Autoimmune GFAP astrocytopathy is a treatable autoimmune CNS disease diagnosable by GFAP-IgG testing in CSF. This disease presents opportunities to explore novel mechanisms of CNS autoimmunity and inflammation.

摘要

目的综述

描述一种最近被认识到的自身免疫性、炎症性中枢神经系统(CNS)疾病,即自身免疫性神经胶质纤维酸性蛋白(GFAP)星形胶质细胞病。

最近的发现

受影响的患者表现出一种或多种脑膜炎(头痛和颈部疼痛)、脑炎(意识混乱、震颤、癫痫发作或精神症状)和脊髓炎(感觉症状和无力)的症状。视盘乳头炎(视力模糊)很常见。CNS 炎症在富含 GFAP 的 CNS 区域的特征性 T1 钆后增强以及淋巴细胞性脑脊液(CSF)白细胞计数升高中明显。CSF 比血清更可靠用于 GFAP-免疫球蛋白 G(IgG)检测。
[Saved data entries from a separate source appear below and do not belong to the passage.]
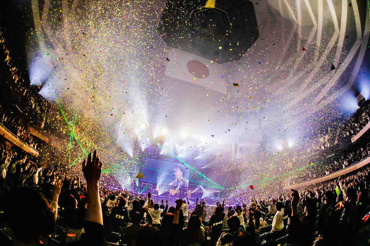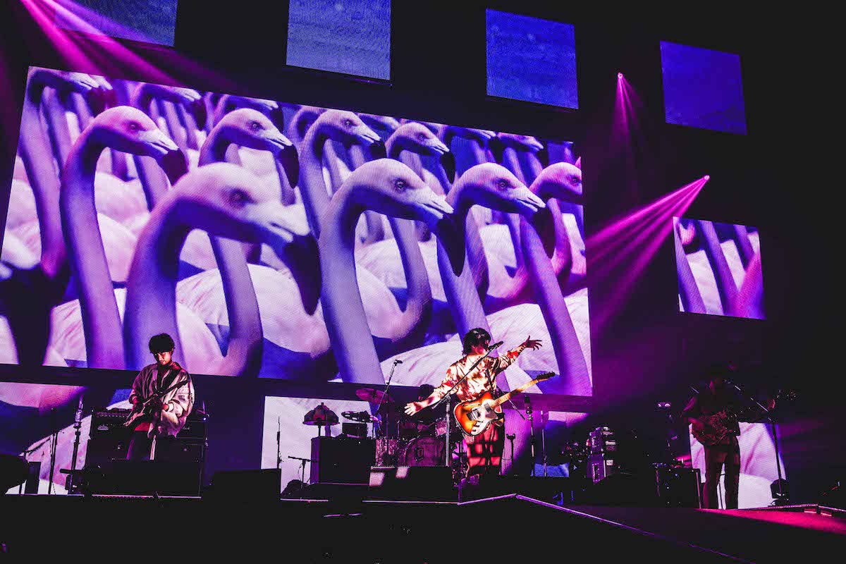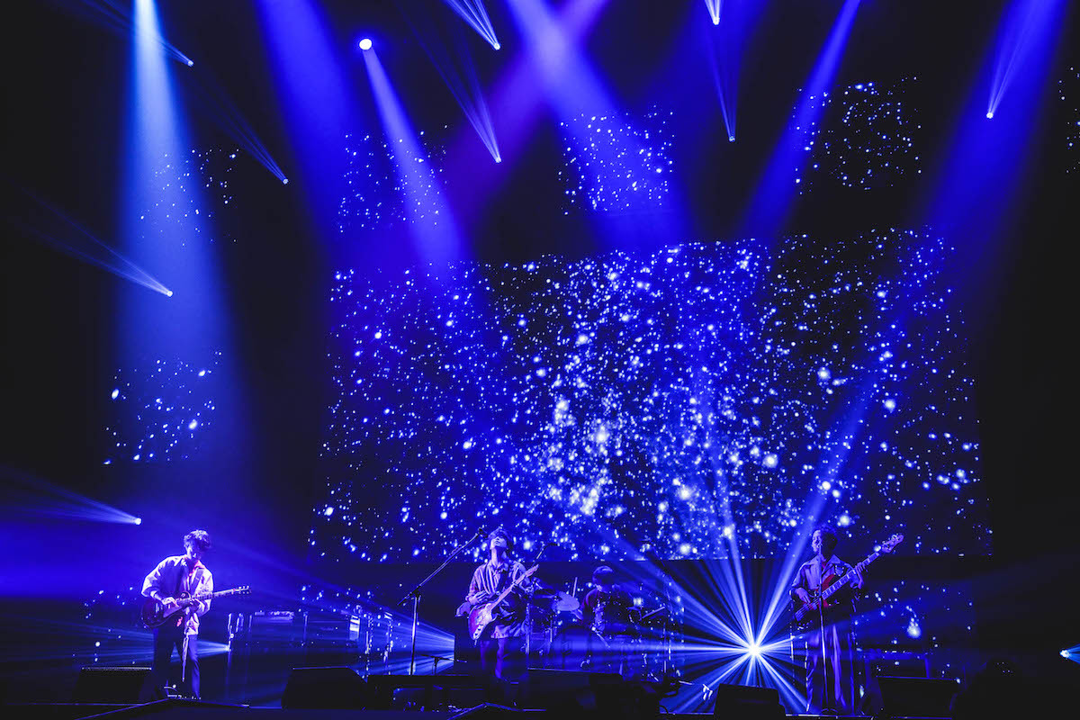 そして、「今日この時間を選んでくれてありがとう。あなたのオンリー・ワンに感謝します」と健司が言いながら繋げたキラー・チューン「オンリーワンダー」では、手拍子で熱演に応える観客の上にキャノンで放たれた無数の紙吹雪が舞い落ち、クライマックスに相応しい景色を作り上げる。そこから、前述したとおり、「俺らは俺らの遊び方で世の中をおもしろくしていきたいと思います」(健司)と「されどBGM」で本編を終えたバンドは、その後、さらにアンコールとして新曲2曲を含む3曲――シンガロング・パートが印象的な爽やかなギター・ロック・ナンバー「サーチライトランナー」、代表曲中の代表曲と言える「オドループ」、そして「名悪役」を演奏した。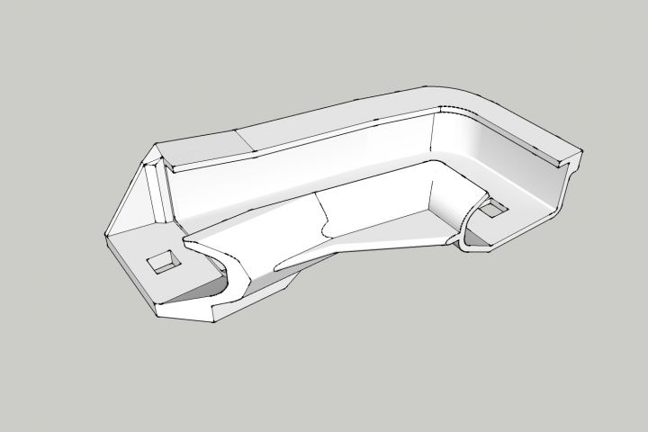 Угловой элемент для соединения направляющих профилей автоматических гаражных ворот ранних бюджетных модификаций. Создание мастер модели, проектирование прессформы, отработка технологии, подбор сырья, испытания и серийное производства запчасти.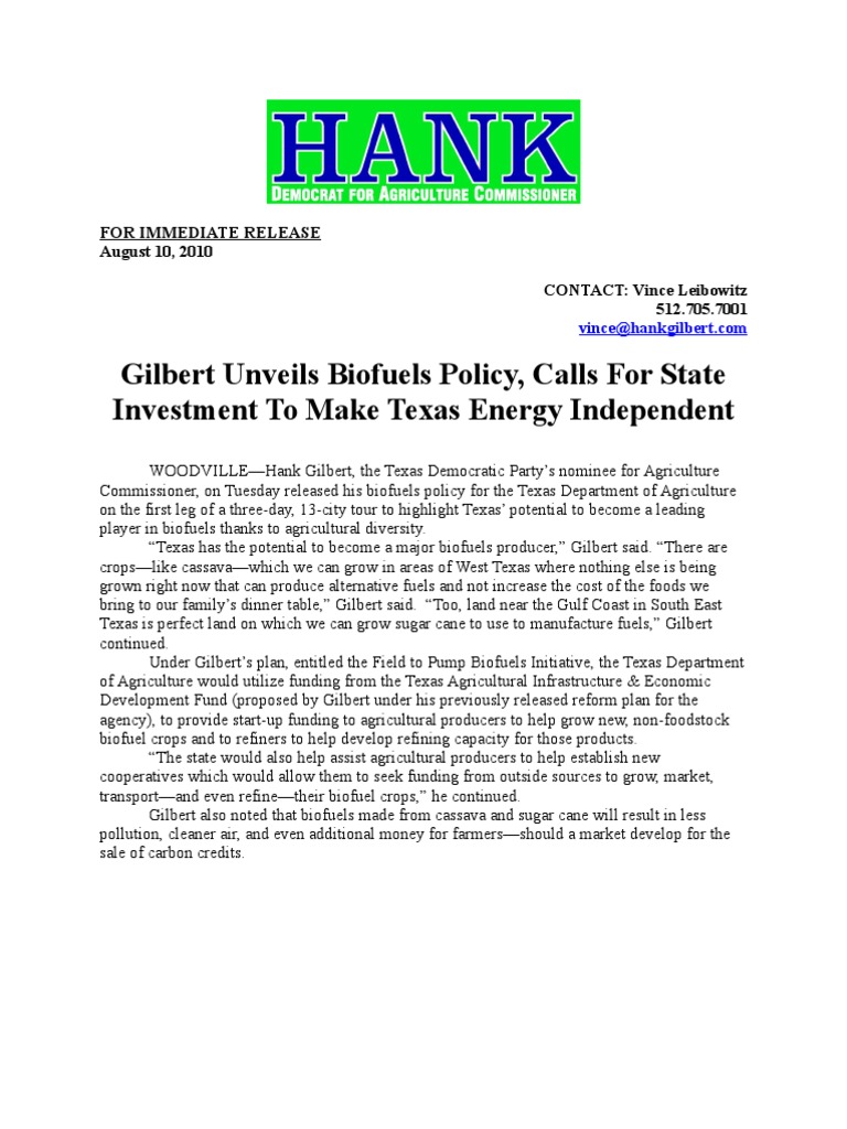 WOODVILLE—Hank Gilbert, the Texas Democratic Party’s nominee for AgricultureCommissioner, on Tuesday released his biofuels policy for the Texas Department of Agricultureon the first leg of a three-day, 13-city tour to highlight Texas’ potential to become a leading player in biofuels thanks to agricultural diversity.“Texas has the potential to become a major biofuels producer,” Gilbert said. “There arecrops—like cassava—which we can grow in areas of West Texas where nothing else is beinggrown right now that can produce alternative fuels and not increase the cost of the foods we bring to our family’s dinner table,” Gilbert said. “Too, land near the Gulf Coast in South EastTexas is perfect land on which we can grow sugar cane to use to manufacture fuels,” Gilbertcontinued.Under Gilbert’s plan, entitled the Field to Pump Biofuels Initiative, the Texas Departmentof Agriculture would utilize funding from the Texas Agricultural Infrastructure & EconomicDevelopment Fund (proposed by Gilbert under his previously released reform plan for theagency), to provide start-up funding to agricultural producers to help grow new, non-foodstock biofuel crops and to refiners to help develop refining capacity for those products.“The state would also help assist agricultural producers to help establish newcooperatives which would allow them to seek funding from outside sources to grow, market,transport—and even refine—their biofuel crops,” he continued.Gilbert also noted that biofuels made from cassava and sugar cane will result in less pollution, cleaner air, and even additional money for farmers—should a market develop for thesale of carbon credits.

卵巢畸胎瘤通常共存,特别是在伴有 N-甲基-D-天冬氨酸受体或水通道蛋白-4 自身免疫的患者中。一些其他患者怀疑存在副感染性自身免疫,但很少能证实病原体。神经病理学和失调的 T 细胞功能(HIV 或检查点抑制剂癌症治疗)的病例强调了 T 细胞的病理生理学相关性。皮质类固醇反应性是该疾病的一个标志。大约 20%的患者会复发,需要过渡到类固醇保留药物。报告的结果各不相同,但作者的经验表明,早期和持续的干预通常预示着恢复。

总结

自身免疫性 GFAP 星形胶质细胞病是一种可治疗的自身免疫性 CNS 疾病,可通过 CSF 中的 GFAP-IgG 检测进行诊断。这种疾病为探索 CNS 自身免疫和炎症的新机制提供了机会。